Her achievements included creation of the National Heart Institute in 1948 during the administration of President Harry Truman, increased funding for the National Institutes of Health in the 1950s, and the establishment of the President’s Commission on Heart Disease, Cancer, and Strokes during Lyndon Johnson’s presidency. As President John F. Kennedy said, “if you really want to know about what needs to be done in medical research in America, have a talk with Mary Lasker.”

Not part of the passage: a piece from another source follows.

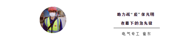 2月22日下午3时许,正在汉阳方舱医院1#仓进行电气设备安装的崔东紧急接到命令,已投入使用的省委党校方舱医院的浴室部分电气设备出现故障“护士进舱通道、更衣室急需通电,需要立刻进行维修!”此时的湖北工建安装突击队员崔东已经在汉阳方舱医院连续工作了长达24个小时。他声音沙哑、眼里布满血丝,浑身透着疲惫,体能几近极限。但是,关键时刻崔东没有丝毫的犹豫,立即收拾好电工包朝着位于武汉市黄陂区的省委党校新校区进发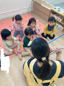 朝の会で絵本を見ていますわーい (嬉しい顔)

Lasker’s lobbying work culminated in the passage of the legislation that declared a “war on cancer” in 1971. With Republican President Richard Nixon determined to cut funding for the National Institutes of Health, Lasker faced the prospect of serious reductions in her special causes. Lasker had no special access to Nixon and his inner circle, so she turned first to shaping public opinion. She created the Citizens Committee for the Conquest of Cancer in December 1969. The panel ran newspaper ads saying, “Mr. Nixon: You Can Cure Cancer.” To increase the pressure on the president, she turned to Elmer Bobst, head of the drug company Warner Lambert, an old friend of hers and Nixon’s.

A final element of her campaign came when Senator Edward M. Kennedy of Massachusetts was named chairman of a key health subcommittee in January 1971. Anxious to deny Kennedy the chance to use the cancer issue if he ran for president in 1972, Nixon came out for “an intensive campaign to find a cure for cancer” in his 1971 State of the Union speech. When the National Cancer Act stalled in the Senate, Lasker used her friendship with the popular advice columnist Ann Landers to stimulate a flood of mail to senators on behalf of the measure. The National Cancer Act became law in December 1971, and the resulting “war on cancer” was an enduring legacy of Mary Lasker’s political skills.

In her later years, Lasker received numerous honors for her philanthropic work. Congress created the Mary Woodward Lasker Center for Health Research and Education at the National Institutes for Health in 1984. Five years later, she received a congressional gold medal for her work, and President George Bush called her “a woman who has focused an enormous amount of energy on finding solutions to life-threatening diseases.” Lasker continued her activities well into her tenth decade, but she succumbed to heart failure in February 1994. Tributes poured in from the scientific, medical, and political communities. She had been the major public advocate for funding medical research for more than half a century, and she exercised a unique influence on both Congress and the presidency during her heyday in the 1950s and 1960s. As Dr. Michael DeBakey, one of her close associates, put it, “Mary Lasker is an institution unto herself.”

The Mary Lasker Papers are at Columbia University and contain her extensive oral history. Information about her work is also available at the Harry Truman, Dwight D. Eisenhower, John F. Kennedy, and Lyndon B. Johnson presidential libraries, as well as the Richard Nixon Presidential Papers project. The Richard Neuberger Papers at the University of Oregon, the John Fogarty Papers at Providence College, and the Lister Hill Papers at the University of Alabama at Birmingham are invaluable. For general accounts of her life, see Nadine Brozan, “Health Care Lobbyist on a National Scale: Mary Lasker,” New York Times (21 Nov. 1985); and Gary Cohen, “Mary and Her ’Little Lambs’ Launch a War,” U.S. News and World Report (5 Feb. 1996), which looks back to the origins of the war on cancer. For assessments of her career, see Richard A. Rettig, Cancer Crusade: The Story of the National Cancer Act of 1971 (1977); Clarence G. Lasby, “The War on Disease,” in Robert A. Divine, ed., The Johnson Years, vol. 2 (1987); and Lewis L. Gould, Lady Bird Johnson and the Environment (1988). An obituary is in the New York Times (23 Feb. 1994).